El antiguo volumen que yo había cogido era el Mad Trist , de Sir Launcelot Canning; pero lo había llamado libro favorito de Usher más por triste burla que en serio, pues poco había en su tosca y pobre prolijidad que pudiera interesar a la elevada e ideal espiritualidad de mi amigo. Era, sin embargo, el único libro que tenía a mano y alenté la vaga esperanza de que la agitación que perturbaba en ese momento al hipocondríaco pudiera hallar alivio (pues la historia de los trastornos mentales está llena de anomalías semejantes) hasta en la exageración de las locuras que iba yo a leerle. A juzgar por el gesto de vivo e intenso interés con que escuchaba o aparentaba escuchar los párrafos de la narración, hubiera podido felicitarme por el éxito de mi idea.
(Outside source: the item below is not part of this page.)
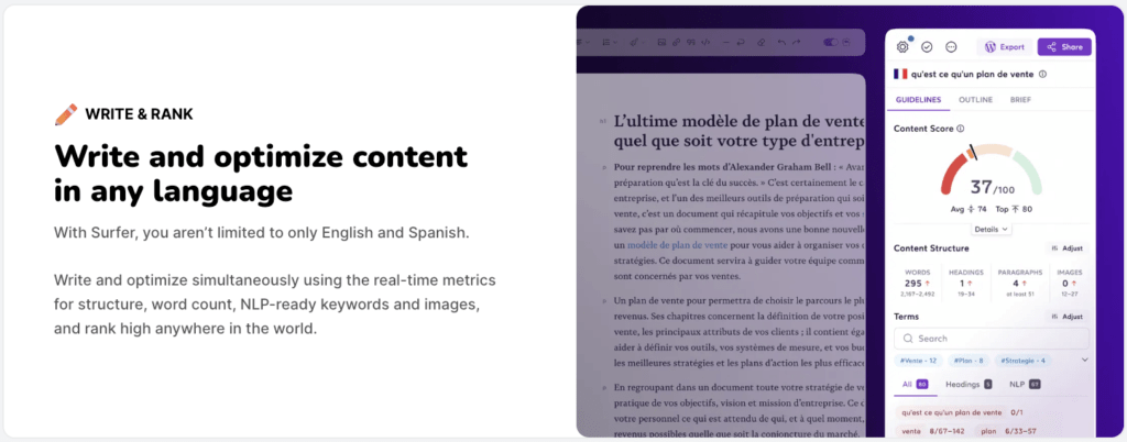 - SERP Analyzes top-ranking pages to provide insights on word count, keyword density, and content structure.

Había llegado a esa parte tan conocida de la historia en que Ethelred, el héroe del Trist , después de sus vanos intentos por introducirse pacíficamente en la morada del ermitaño, procede a entrar por la fuerza. Aquí, como se recordará, las palabras del narrador son las siguientes:
«Y Ethelred, que era por naturaleza un corazón valeroso y que además se sentía fortalecido ahora por el poder del vino que había bebido, no aguardó más tiempo para hablar con el ermitaño, que en realidad era de índole obstinada y propenso a la malicia; mas sintiendo la lluvia sobre sus hombros y temiendo el estallido de la tempestad, alzó resueltamente su maza y a golpes abrió un rápido camino en la madera de la puerta para su mano con guantelete; y tirando con fuerza hacia sí, hizo crujir, hundirse y saltar todo en pedazos de tal modo que el ruido de la madera seca repercutió sonando a hueco en todo el bosque y lo llenó de alarma.»
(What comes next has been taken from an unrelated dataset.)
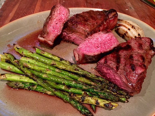 Those are beautiful steaks! And asparagus is just made for the grill. Top notch.Always seeking the high I experienced from my first true BBQ experience.

Al concluir esta frase me estremecí e hice una pausa, pues me había parecido (aunque en seguida pensé que mi excitada imaginación me engañaba), me había parecido que de alguna remota parte de la mansión llegaba confusamente a mis oídos algo que podía ser, por su exacta semejanza de tono, el eco (aunque sofocado y sordo, por cierto) de aquel ruido real de crujido y de rotura que sir Launcelot había descrito tan minuciosamente. Fue sin duda alguna la única coincidencia lo que atrajo mi atención, pues entre el crujir de los bastidores de las ventanas y los ruidos mezclados de la tempestad creciente, el sonido en sí mismo nada tenía de seguro que pudiera intrigarme o distraerme. Continué pues la narración:
«Pero el buen campeón Ethelred franqueó la puerta y se sintió dolorosamente furioso y sorprendido al no percibir rastro alguno del maligno ermitaño, y encontrar en cambio en su lugar un dragón prodigioso de apariencia descomunal cubierto de escamas, con lengua de fuego y que estaba de centinela ante un palacio de oro con piso de plata; sobre el muro colgaba un escudo reluciente de bronce con esta leyenda encima:
»Quien aquí entre, vencedor será;
»Quien al dragón mate, el escudo ganara.
»Ethelred alzó su maza y golpeó la cabeza del dragón, que cayó a sus pies y exhaló su pestilente aliento con un ruido tan hórrido y bronco y penetrante que Ethelred tuvo que taparse los oídos con las manos para resistir aquel estruendo terrible tal como jamás lo oyera hasta entonces.»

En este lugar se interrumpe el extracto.